Should any entry hold a picture, omit that picture and copy the rest of the entry exactly.

RECORD EXCERPTS: Begin

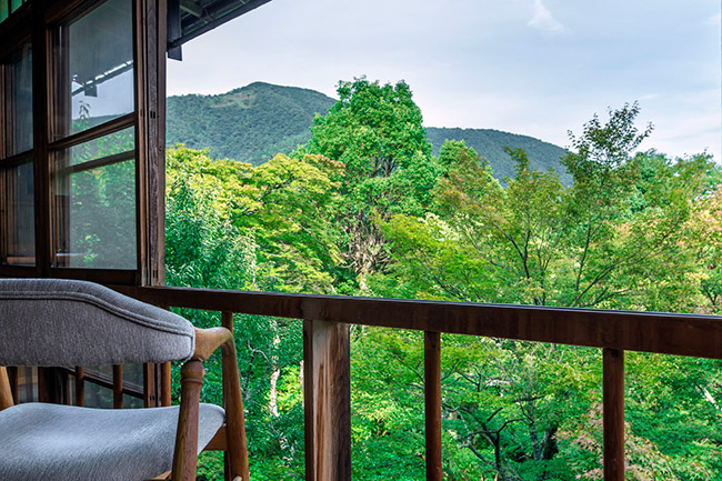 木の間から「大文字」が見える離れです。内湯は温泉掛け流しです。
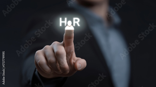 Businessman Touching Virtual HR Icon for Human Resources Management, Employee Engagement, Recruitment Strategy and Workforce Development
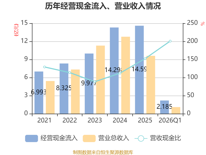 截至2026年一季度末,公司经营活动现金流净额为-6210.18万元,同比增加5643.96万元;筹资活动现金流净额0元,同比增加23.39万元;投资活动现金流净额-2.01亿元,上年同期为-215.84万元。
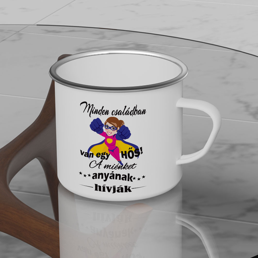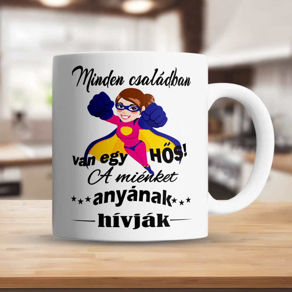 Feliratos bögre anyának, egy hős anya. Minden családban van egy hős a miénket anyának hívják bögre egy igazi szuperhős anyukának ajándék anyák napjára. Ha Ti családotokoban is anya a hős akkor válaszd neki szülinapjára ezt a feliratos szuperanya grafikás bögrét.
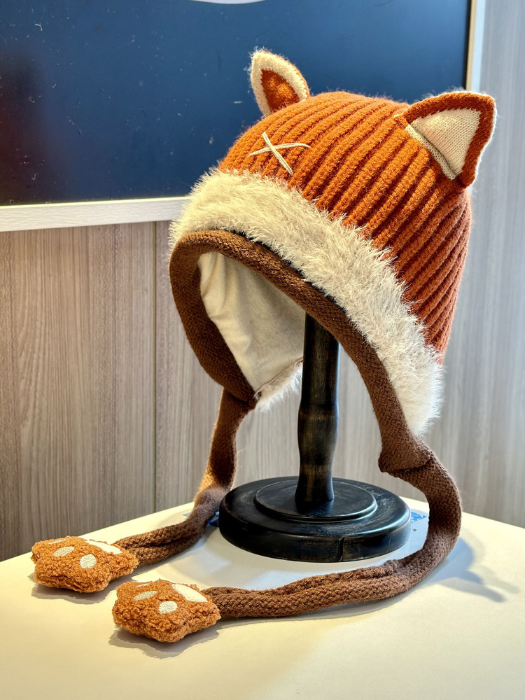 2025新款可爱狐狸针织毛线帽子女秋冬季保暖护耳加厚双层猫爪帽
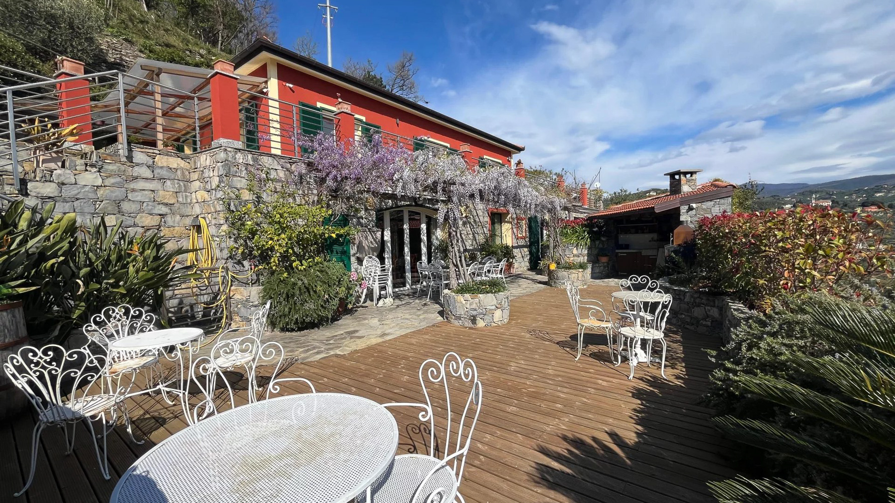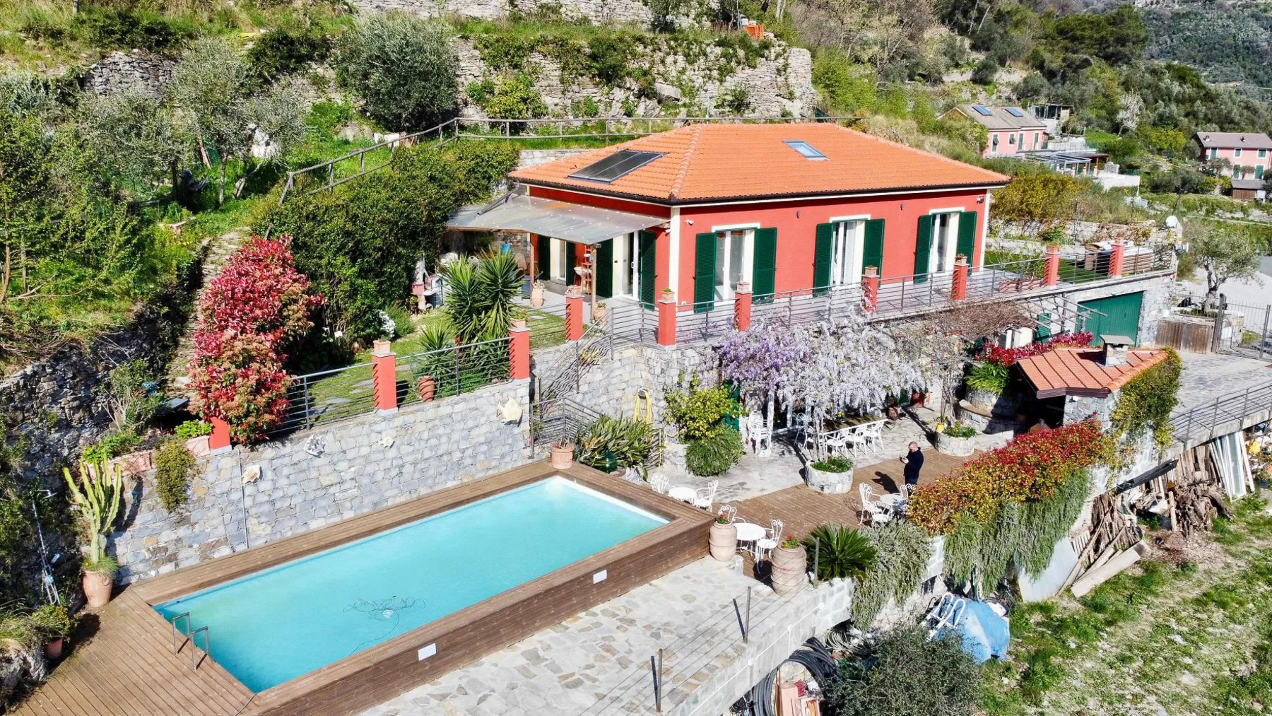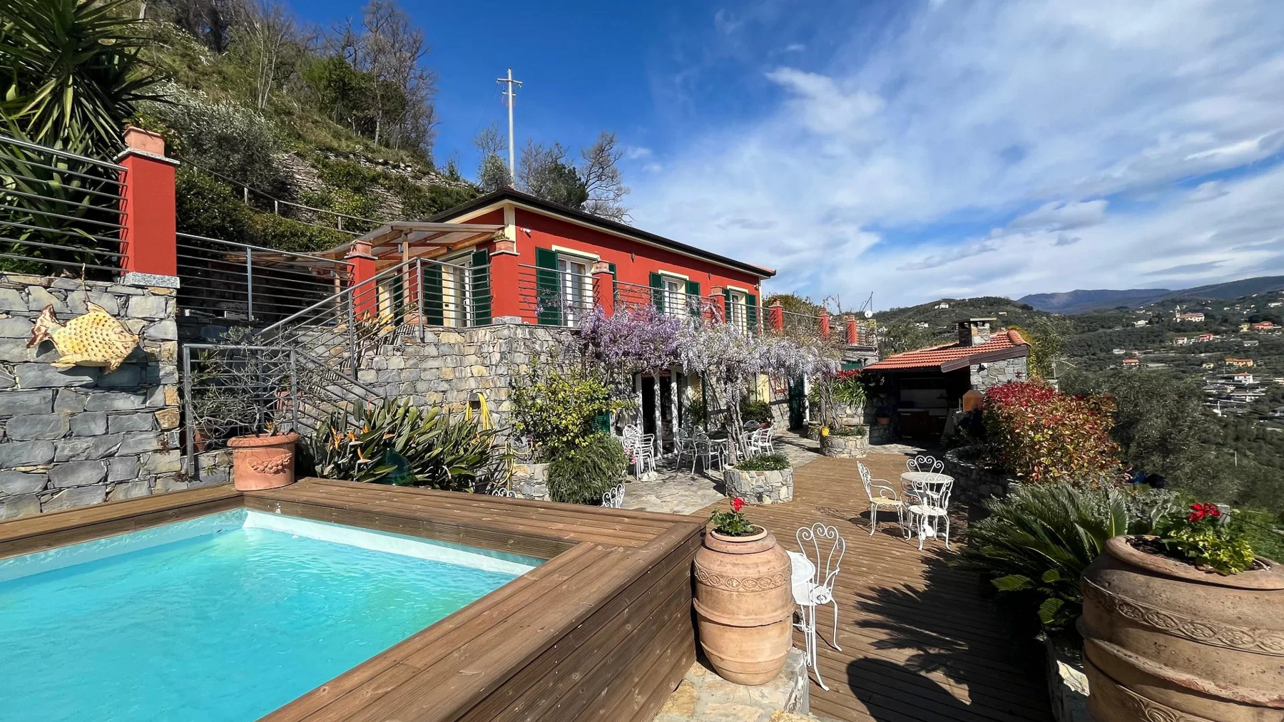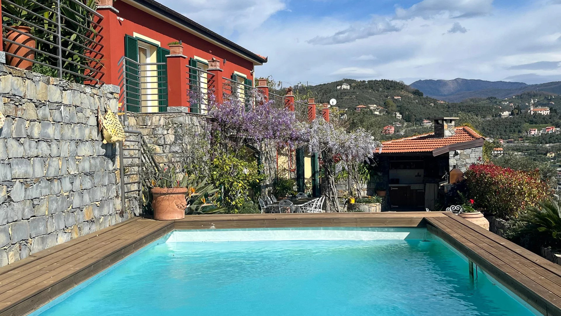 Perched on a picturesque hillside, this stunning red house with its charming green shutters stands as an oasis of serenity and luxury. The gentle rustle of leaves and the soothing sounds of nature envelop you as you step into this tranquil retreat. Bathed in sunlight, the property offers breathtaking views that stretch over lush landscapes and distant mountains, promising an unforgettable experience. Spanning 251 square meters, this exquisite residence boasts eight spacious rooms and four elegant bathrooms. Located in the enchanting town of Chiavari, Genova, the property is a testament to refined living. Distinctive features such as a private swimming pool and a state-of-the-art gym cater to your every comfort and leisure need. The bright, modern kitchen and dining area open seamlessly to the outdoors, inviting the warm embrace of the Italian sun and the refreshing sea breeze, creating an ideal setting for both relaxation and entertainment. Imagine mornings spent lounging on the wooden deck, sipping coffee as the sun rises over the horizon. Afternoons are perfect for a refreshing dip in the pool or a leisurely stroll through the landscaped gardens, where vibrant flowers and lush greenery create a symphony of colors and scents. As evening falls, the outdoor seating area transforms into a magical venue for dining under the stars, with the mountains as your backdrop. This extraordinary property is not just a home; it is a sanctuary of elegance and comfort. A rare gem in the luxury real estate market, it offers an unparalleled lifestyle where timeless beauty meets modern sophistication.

RECORD EXCERPTS: End

PROBLEM SOLUTION:
 木の間から「大文字」が見える離れです。内湯は温泉掛け流しです。
 Businessman Touching Virtual HR Icon for Human Resources Management, Employee Engagement, Recruitment Strategy and Workforce Development
 截至2026年一季度末,公司经营活动现金流净额为-6210.18万元,同比增加5643.96万元;筹资活动现金流净额0元,同比增加23.39万元;投资活动现金流净额-2.01亿元,上年同期为-215.84万元。
 Feliratos bögre anyának, egy hős anya. Minden családban van egy hős a miénket anyának hívják bögre egy igazi szuperhős anyukának ajándék anyák napjára. Ha Ti családotokoban is anya a hős akkor válaszd neki szülinapjára ezt a feliratos szuperanya grafikás bögrét.
 2025新款可爱狐狸针织毛线帽子女秋冬季保暖护耳加厚双层猫爪帽
 Perched on a picturesque hillside, this stunning red house with its charming green shutters stands as an oasis of serenity and luxury. The gentle rustle of leaves and the soothing sounds of nature envelop you as you step into this tranquil retreat. Bathed in sunlight, the property offers breathtaking views that stretch over lush landscapes and distant mountains, promising an unforgettable experience. Spanning 251 square meters, this exquisite residence boasts eight spacious rooms and four elegant bathrooms. Located in the enchanting town of Chiavari, Genova, the property is a testament to refined living. Distinctive features such as a private swimming pool and a state-of-the-art gym cater to your every comfort and leisure need. The bright, modern kitchen and dining area open seamlessly to the outdoors, inviting the warm embrace of the Italian sun and the refreshing sea breeze, creating an ideal setting for both relaxation and entertainment. Imagine mornings spent lounging on the wooden deck, sipping coffee as the sun rises over the horizon. Afternoons are perfect for a refreshing dip in the pool or a leisurely stroll through the landscaped gardens, where vibrant flowers and lush greenery create a symphony of colors and scents. As evening falls, the outdoor seating area transforms into a magical venue for dining under the stars, with the mountains as your backdrop. This extraordinary property is not just a home; it is a sanctuary of elegance and comfort. A rare gem in the luxury real estate market, it offers an unparalleled lifestyle where timeless beauty meets modern sophistication.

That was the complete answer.